Senior Splunk Engineer (SME) - 2 Positions - Remote Eligible

Cybersecurity Splunk Sme

Tetrad Digital Integrity (TDI) is a leading-edge cybersecurity firm with a mission to safeguard and protect our customers from increasing threats and vulnerabilities in this digital age. TDI is seeking an experienced cybersecurity Splunk SME with strong engineering skills to join our dynamic team at the Postal Service.

Responsibilities:

• Designing, deploying, and maintaining on-premises and cloud based Splunk environments to support enterprise-level monitoring, alerting, and reporting.
• Expertise in Splunk system architecture, design, implementation, configuration and operational support in a hybrid on-prem Unix/Linux and cloud-based environment.
• Collaborate across DevOps, Security, and IT teams to optimize performance, ensure data integrity, system availability and support mission-critical operations.
• Proven hands-on experience with a large enterprise wide Splunk environment is mandatory.
• Off-hours and weekend efforts for systems maintenance, upgrades and support may be required from time to time.

Qualifications:

• 5+ years of Splunk experience.
• Manages knowledge objects (fields, extractions, tags, event types, lookups, workflow actions, aliases, macros, and so on) – through automations, scripting, management server functions; to include .conf and .cfg files in scope of the last four Splunk Enterprise versions.
• Experience with Splunk deployment and configuration management in large-scale environments.
• Proficiency in writing complex Splunk queries, dashboards, and alerts using SPL (Search Processing Language).
• Experience with REST APIs for Splunk and external system integration.
• Ability to analyze and troubleshoot complex data ingestion and parsing issues.
• Design and automations workflow and dashboard interface for such.
• Ability to leverage the Splunk AI Assistant and other AI tools to increase accuracy and efficiency of task and other deliverables.
• Advanced knowledge of Unix/Linux and/or Windows systems administration and troubleshooting.
• Strong scripting skills in Bash, Python, JavaScript, SQL and PowerShell for automation and integration tasks.
• Experience with Splunk upgrades, patching, and performance tuning.
• Proficiency in integrating Splunk with cloud platforms (AWS, GCP, Azure).
• Experience installing and utilizing and developing with the Splunk SOAR Automation toolset.

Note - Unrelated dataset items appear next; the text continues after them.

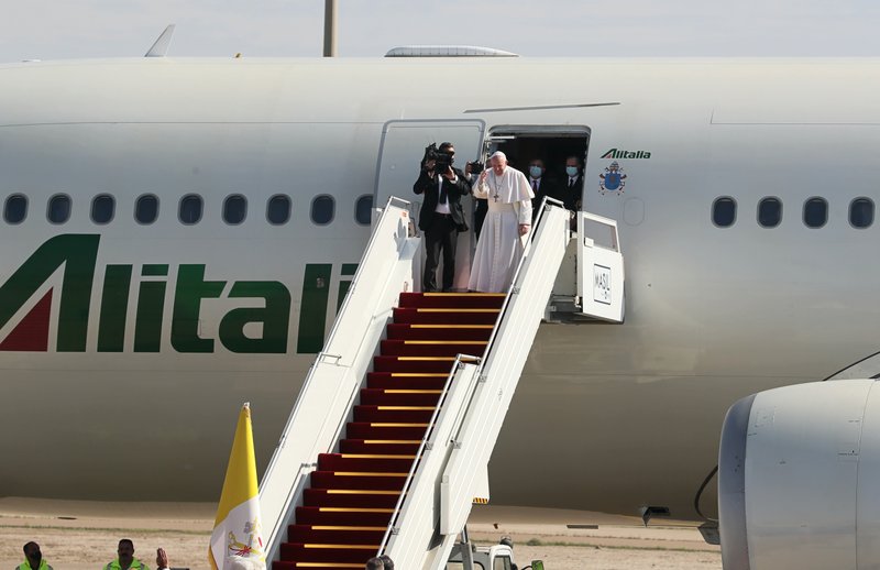 El avión de Francisco aterrizó en el aeropuerto de Bagdad poco antes de las 14:00 horas. Sobre la pista se desplegó una alfombra roja donde el primer ministro, Mustafa al-Kadhimi, esperaba para saludarlo. El papa cojeaba visiblemente en una señal de que su ciática, que le obligó a cancelar varios actos recientemente, podría estar molestándole.
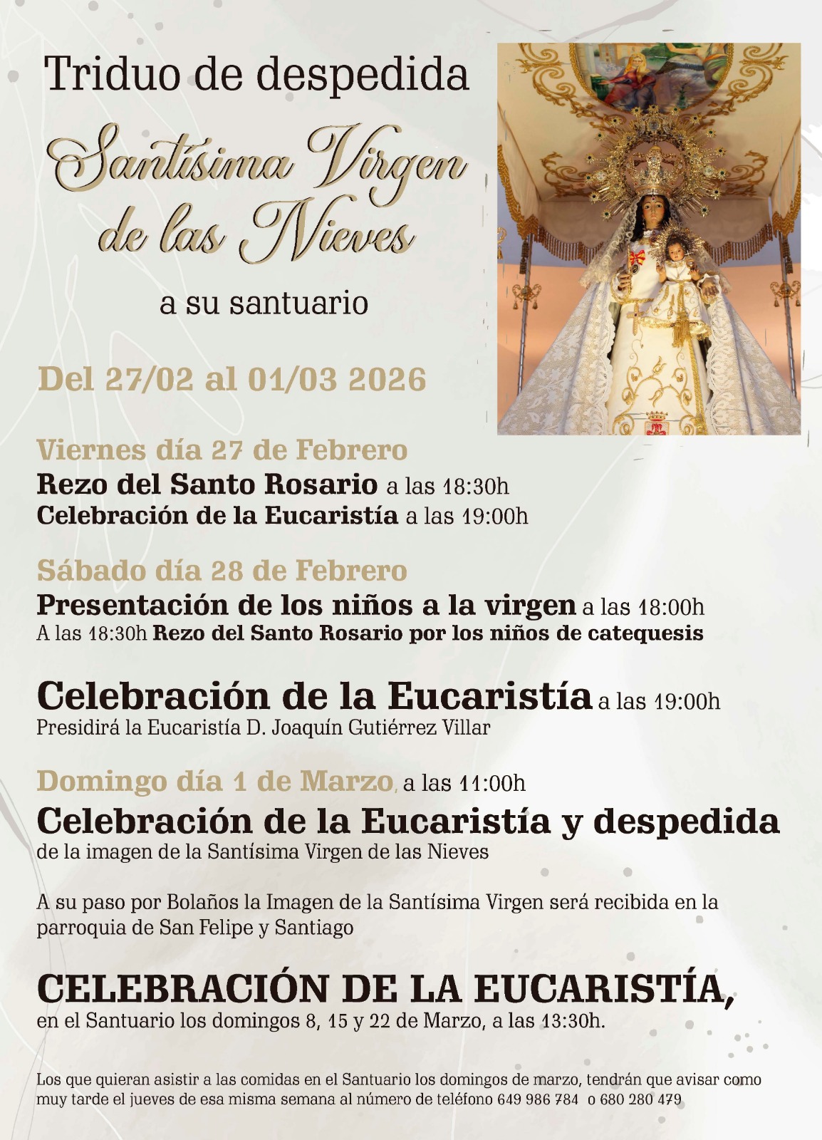 Triduo de despedida Santisima Virgen de las Nieves
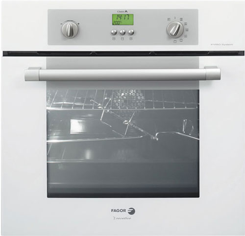 Fagor 5H-745B. Oven type: Electric oven, Total oven(s) interior capacity: 53 L, Total oven power: 2100 W. Colour of product: White, Control type: Buttons, Rotary, Cord length: 1.3 m. Energy efficiency class: A, AC input voltage: 220-240 V, AC input frequency: 50 Hz. Width: 592 mm, Depth: 609 mm, Height: 592 mm. Installation compartment dimensions (WxDxH): 560 x 550 x 585 mm, Energy consumption: 3.385 kWh
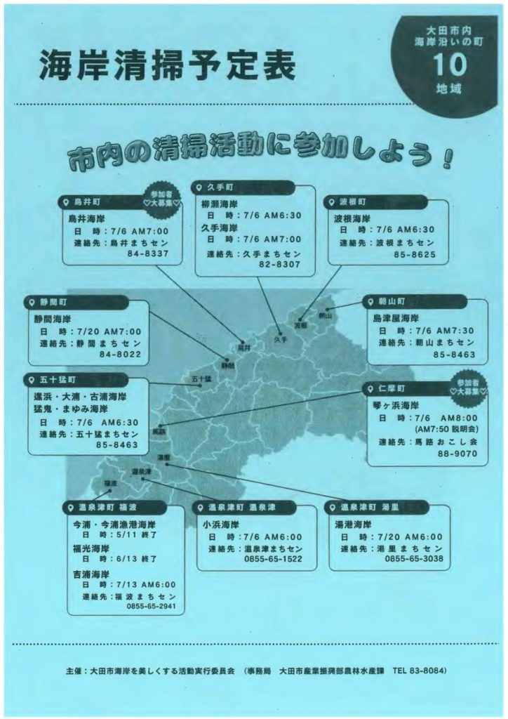 2025年6月23日 / 最終更新日 : 2025年6月23日 kenkyo 地域貢献 大田市海岸を美しくする活動(海岸一斉清掃)の開催 2025年7月6日 一般社団法人大田建設業協会 青年部会 第22回『大田市海岸一斉清掃』(主催:大田市海岸を美しくする活動実行委員会)が7月6日(日曜日)に開催されます。今年も当協会より青年部会が中心になって参加します。
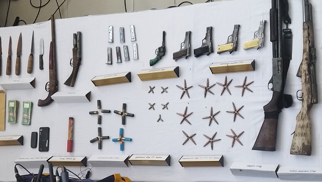 চারটি বিদেশি পিস্তল, একটি রিভলভার, একটি চায়না রাইফেল, একটি শটগান, সাতটি ম্যাগাজিন, ৮৫ রাউন্ড গুলি, শর্টগানের ১৭ কার্তুজ, দুটি রামদা, একটি রকেট ফ্লেয়ারসহ ইয়াবা ও গাঁজা। এসময় সাকিব ও শাহেদ নামে আরও দুজনকে গ্রেপ্তার করা হয়।
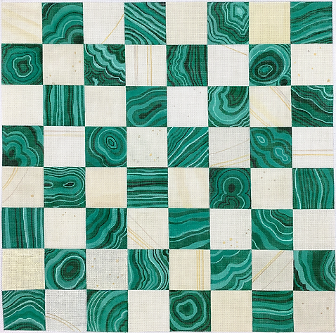 CHB-01 Chess/Checkers Board – Malachite & Ivory - TS, 18, mesh, Handpainted by Kate Dickerson, Design Size: 16¼ square inches
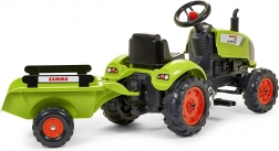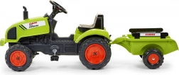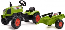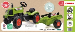 Trattore a pedali Claas Arion 410 con rimorchio, cofano apribile, marmitta, volante e clacson. Realizzato in plastica di alta qualità e grande resistenza. Dimensioni 138×53×42 cm. Età 2+. Tutti i trattori Falk sono testati per 30 kg secondo i requisiti delle norme europee. Prodotto in Francia.
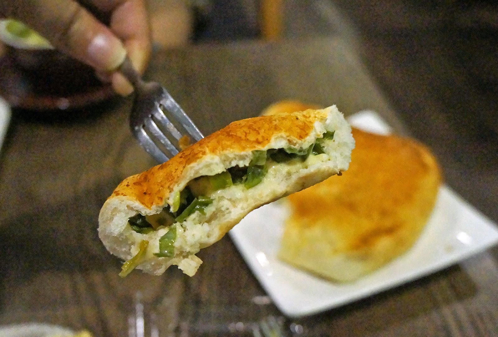 面包口感不错,里面的葱蒜带来的味道是特别,有点像猪肉包(虽然没肉)。
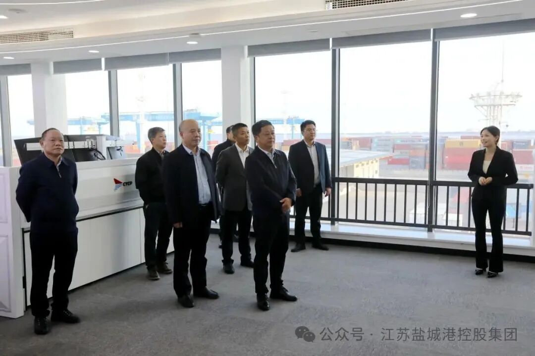 調研中,胡勇一行首先抵達鹽城港保稅物流中心。在現場,考察團認真聽取了相關負責人關于保稅物流中心功能定位、運營模式、發展現狀及未來規劃的介紹,詳細了解了其在服務地方外貿、降低企業物流成本、促進產業集聚等方面發揮的重要作用。隨后,考察團前往大豐港集裝箱碼頭,大豐港開發集團相關負責人向考察團匯報了碼頭泊位能力、航線布局、吞吐量以及未來建設規劃等情況,雙方就提升港口能級、優化口岸營商環境等話題進行了現場交流。在自動化集裝箱堆場,技術人員現場演示了智能化操作流程,講解了智能化改造對提升作業效率、保障生產安全、降低運營成本的顯著成效,展現了鹽城港在智慧港口建設方面取得的進展。
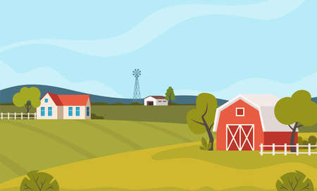 Farm scene with red barn and windmill, trees, fence, haystack. Rural landscape. Agriculture and farming concept. Cute vector illustration
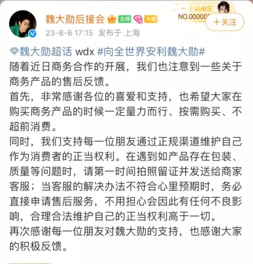 只是如果给的品不好,就意味着品牌其实不看重你,这很现实”但或许是因为今年暑期走红的的艺人还未形成成熟的粉圈,他们的粉丝大多带有路人属性,对于这些谙默的规则不慎了解某位购买魏大勋商务网友,就曾在小红书发文吐槽对货品日期不满意,并在评论区劝说后选择退换货。
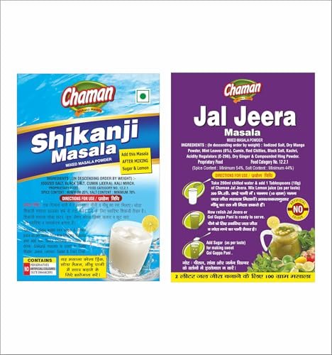 10 reviews for Chaman Masala Combo Pack (Shikanji Masala 100G & Jal Jeera Masala 100G) | Traditional Indian Drinks Masala | Indian Drinks Spices | Refreshing Cumin & Spice Beverage Mix – Fast Shipping to USA & Canada
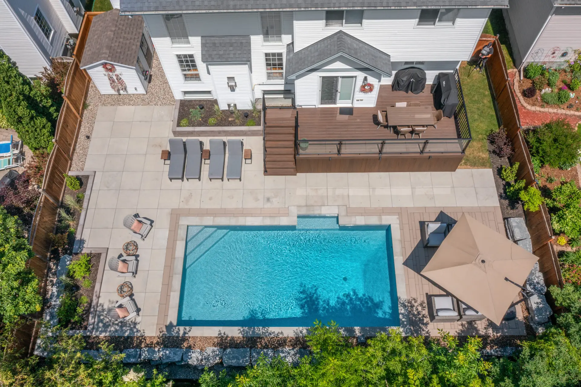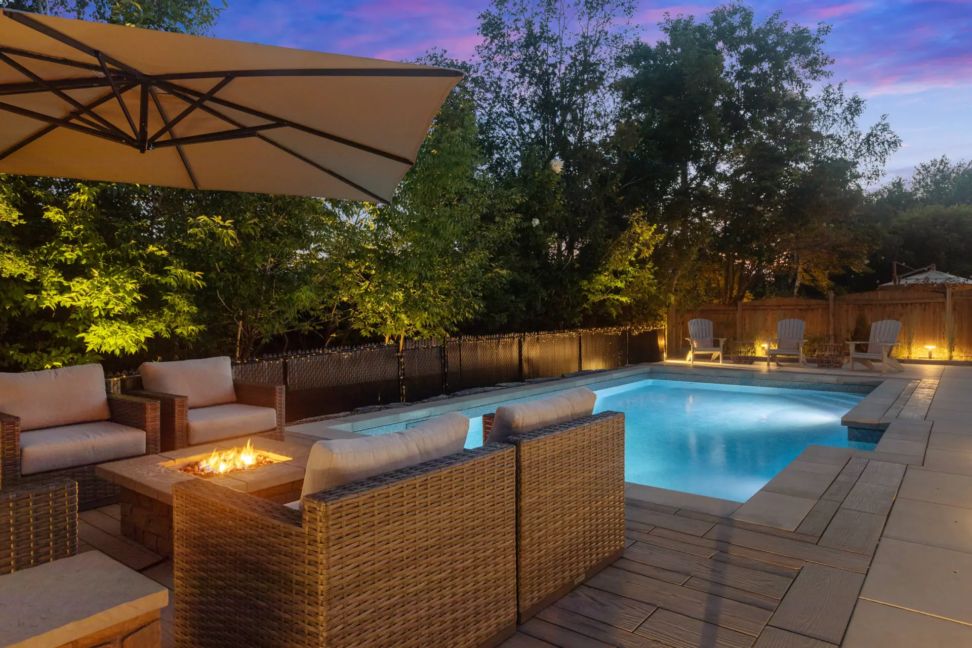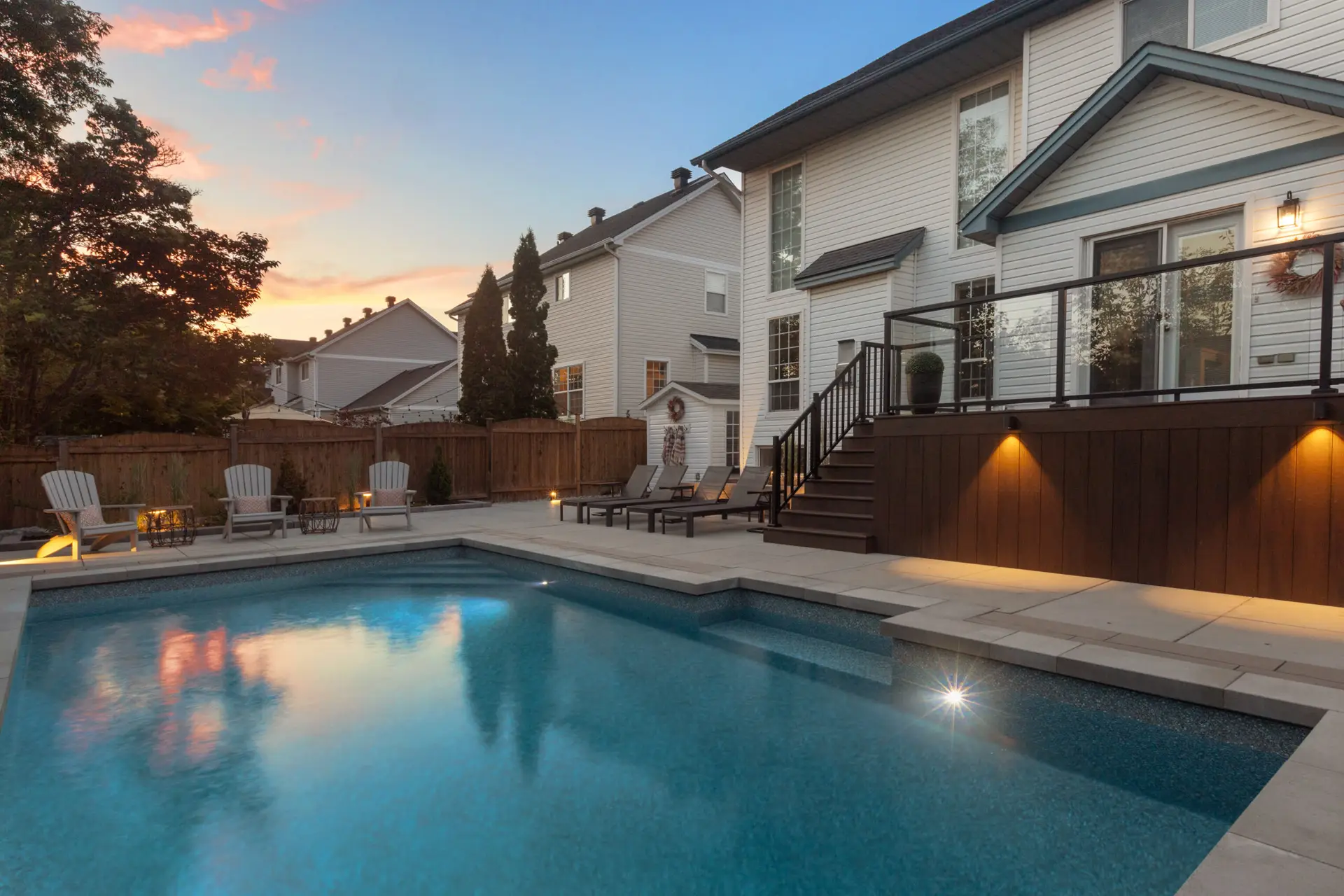 The design introduced a new composite deck with a waterproofed understructure to create dry storage below, while also establishing an upper dining area with a clean, modern presence. An armour stone retaining wall was installed to correct the grade and unlock a more practical layout for the backyard. The space was further defined by a custom pool with integrated bench seating, a material palette of 3' x 3' slabs paired with a wood-look slab to bring warmth and texture, curated planting, and integrated outdoor lighting. The result is a sophisticated backyard retreat that balances structure, comfort, and elegance, both day and night.
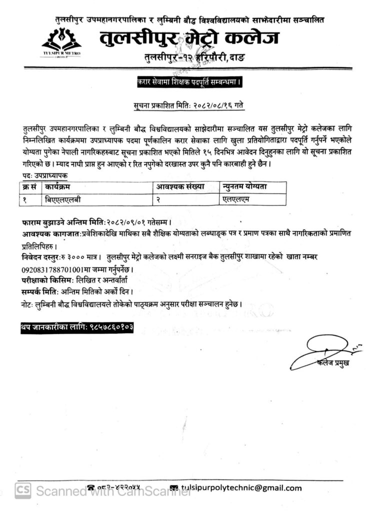 करार सेवाम शिक्षक पदपूर्ति सम्बन्धमा।
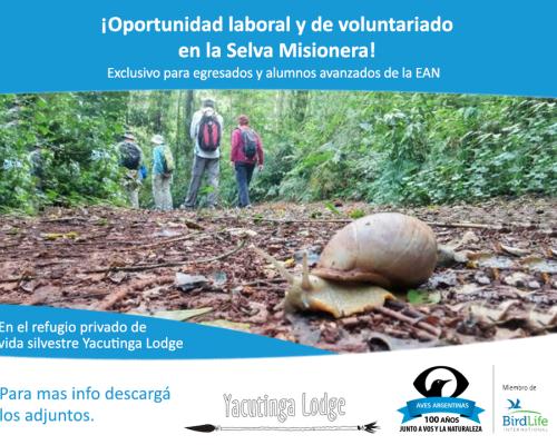 Yacutinga Lodge, refugio privado de vida silvestre incorporará un guía ambientalista y varios puestos voluntarios para su próxima temporada eco-turística de octubre a Abril de 2018 en Misiones, Arg
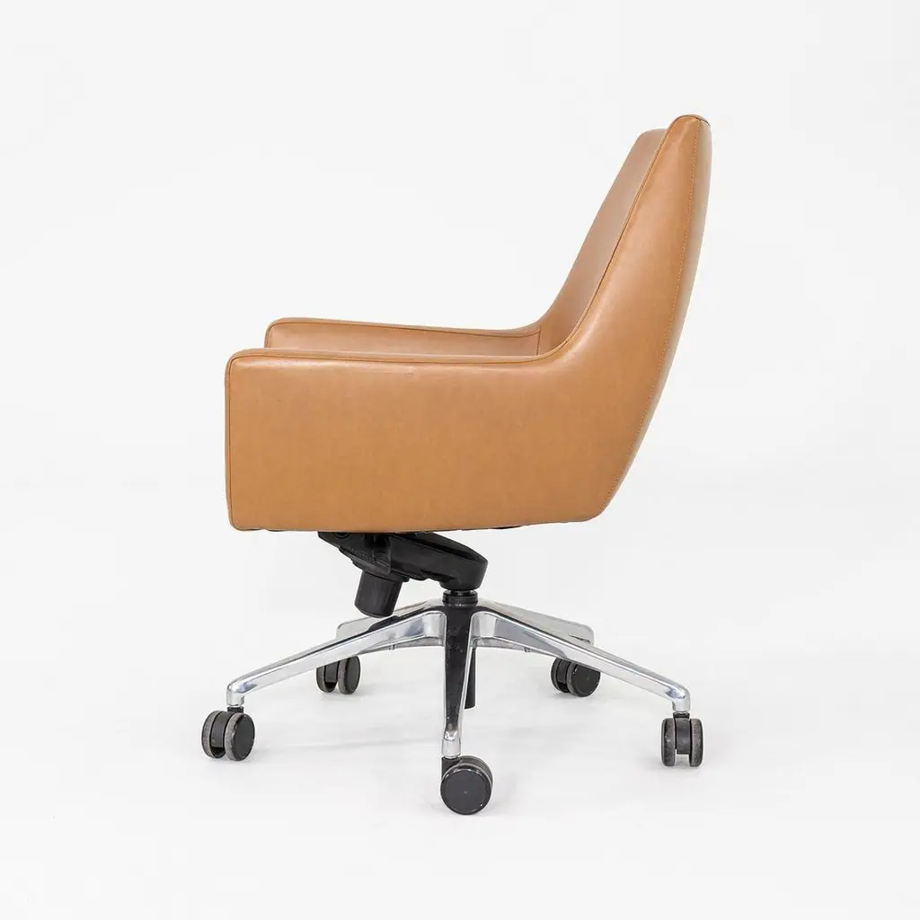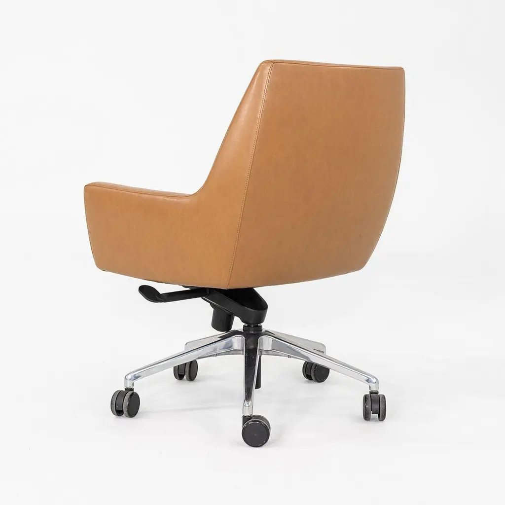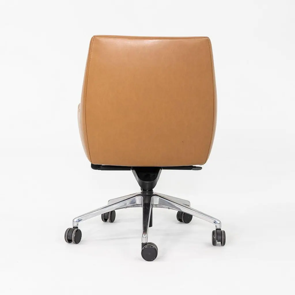 This is a Cardan Swivel Office Desk Chair, originally designed in 2011 by Bernhardt Design. These particular examples were produced in the United States in 2016. Their design includes a 5-star polished aluminum swivel base on dual wheel casters, and these examples have a pneumatic height lift function. The fully-padded shell seats are upholstered in a tan leather.The listed price includes one chair and there are six available to purchase.Each chair measures 26.5 inches deep, 26 inches wide, and is 34 inches high, with a seat height of 17.75 inches. These pieces show light wear, including scuffs and scratches on the base and minor pen marks on the leather. Overall, the chairs are in good to very good condition with light wear. Please see photos.
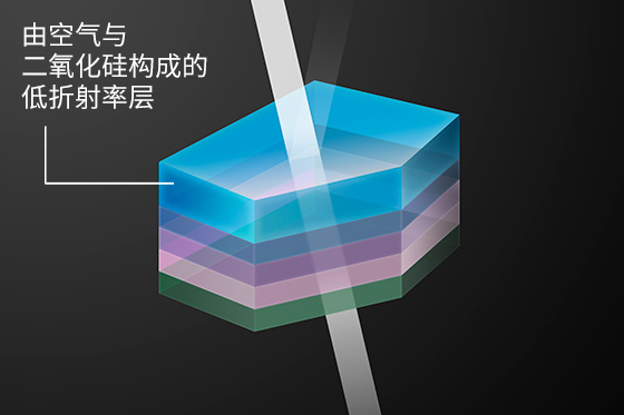 在镜片表面覆盖了包含二氧化硅与空气的具有低折射率的ASC(Air Sphere Coating)镀膜,和在镜片表面排列众多纳米级楔形结构的SWC亚波长结构镀膜,可有效抑制入射角较小的正面受光和入射角较大的侧面受光造成的反射。这两项镀膜技术可以有效地抑制鬼影和眩光的产生。
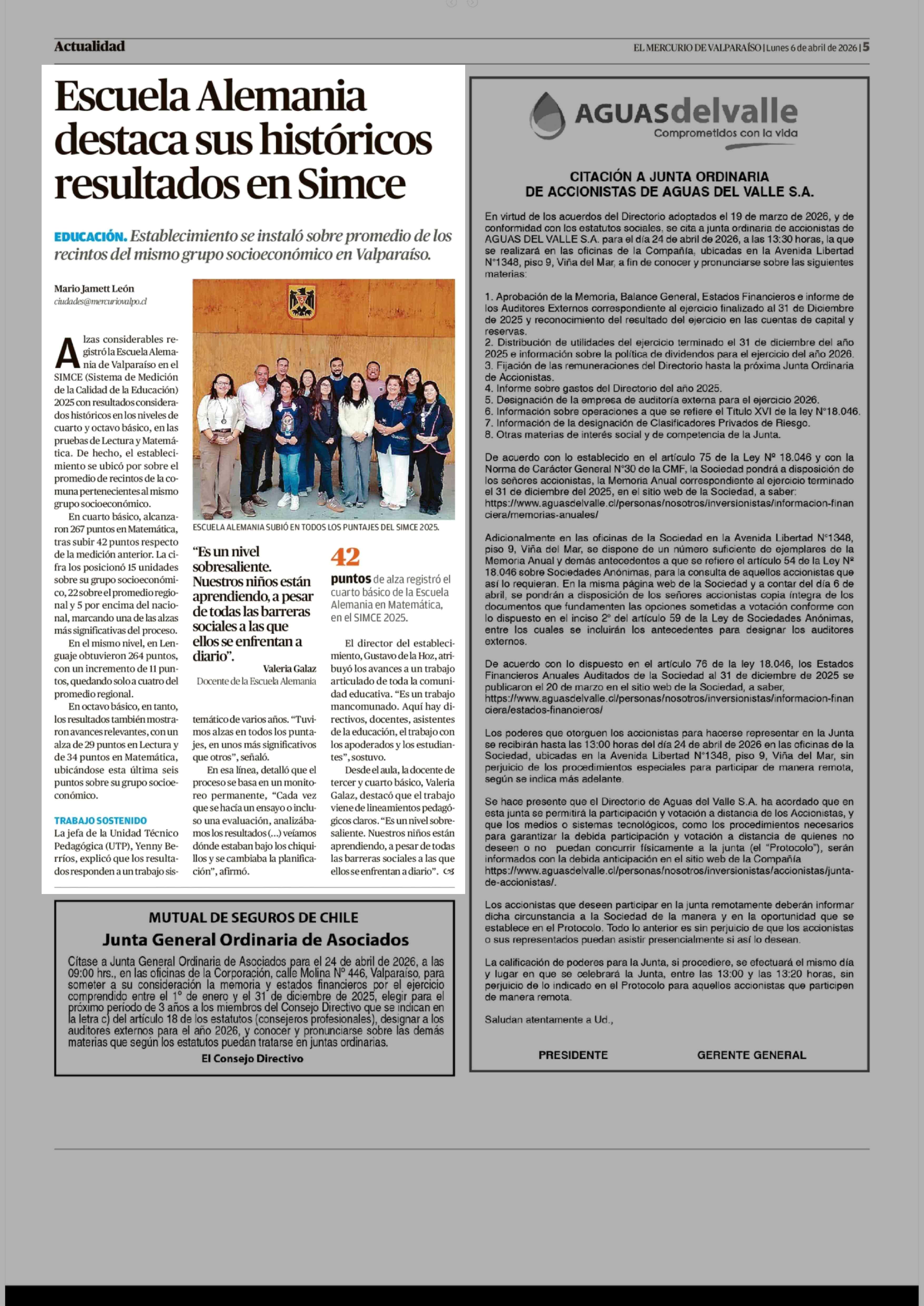 Escuela Alemania destaca sus históricos resultados en Simce 06-04-2026 El Mercurio de Valparaíso |

TDI does business with the federal government, which restricts employment to individuals who are either US citizens or lawful permanent residents of the United States.

TDI is an Equal Opportunity Employer. Employment decisions are made based on individual qualifications, merit, and business needs. We do not discriminate in employment opportunities or practices based on race, color, religion, sex, or national origin, in accordance with applicable federal laws.